CanadaFreePress | Klaus Rohrich | Nov. 30, 2007
Anyone who still believes that the Kyoto Accord is about actually reducing so-called greenhouse gasses in the atmosphere is in dire need of therapy. Kyoto is now and has always been about redistributing wealth. Recent statements by countries such as Brazil and India have confirmed this to be the case as developing nations are taking the position that climate change was caused by industrialized countries and should therefore be remediated by those countries.
Next week’s UN-sponsored 13th Conference of Parties (COP13) to be held in Bali, Indonesia (Where else would a UN conference be held in December?) will have representatives from developing nations demanding that Europe and North America foot the bill for the lion’s share of reducing carbon emissions, while developing countries be allowed unlimited emissions, presumably until reaching economic parity with the West. Or, as Omar Rivera, a functionary in Cuba’s Ministry of Science, Technology and Environment, has put it, since industrialized countries are “most responsible” for the changing climate, those nations have a “moral obligation to finance the adaptation plans and actions in developing countries.”
I find it ironic that any official of the Cuban government would talk of “moral obligations”, but that’s fodder for another column.
Currently China is the world’s largest emitter of greenhouse gasses.

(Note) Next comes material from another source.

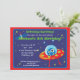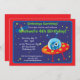 Diese Spaßgeburtstags-Party Einladung kennzeichnet ein alien in einem Raumschiff und in einer Raumstation auf einem blauen Weltraumhintergrund mit Sternen. Vollständig kundengerecht.

The country has plans to open or two new coal-fired generating stations per week over the next few years, which will add the equivalent of carbon emitted by some 3 billion Ford Expedition SUVs per year to the atmosphere.
India isn’t far behind China and Brazil isn’t that far behind India in spewing CO 2 into the atmosphere. The combined carbon emissions of developing nations exceed those of the West by a large margin, yet they demand to be exempted from emission reductions and they maintain that the cost of any reductions should be borne by the West.
So let me see if I understand this correctly: The world as we know it is in danger of being destroyed (according to Al Gore and UN Secretary General Ban Ki-moon) unless carbon emissions are greatly reduced, but the cost of reducing these emissions should be borne by industrialized nations and developing nations can continue to create carbon emissions until they achieve economic parity, or at least have their initiatives to reduce carbon emissions paid for by wealthier countries.
This position is akin to the passengers of the Titanic refusing to get into the lifeboats unless the first class passengers do all the rowing. It’s also good evidence that those who are skeptical of anthropogenic climate change are on the right track because if the situation were really as dire as the climate change hysterics claim, then it wouldn’t really matter who pays for the carbon emission reductions, so long as there is a dramatic reduction.
But the Kyoto Accord is not about climate change. It is about a massive transfer of wealth from industrialized countries to developing countries. And the stridency with which the UN and developing countries are demanding that “saving the world” be paid for by the West, shows us what the Kyoto Protocol really is: a poorly thought-out and patently transparent extortion racket that not even the dumbest mobster would attempt to pursue.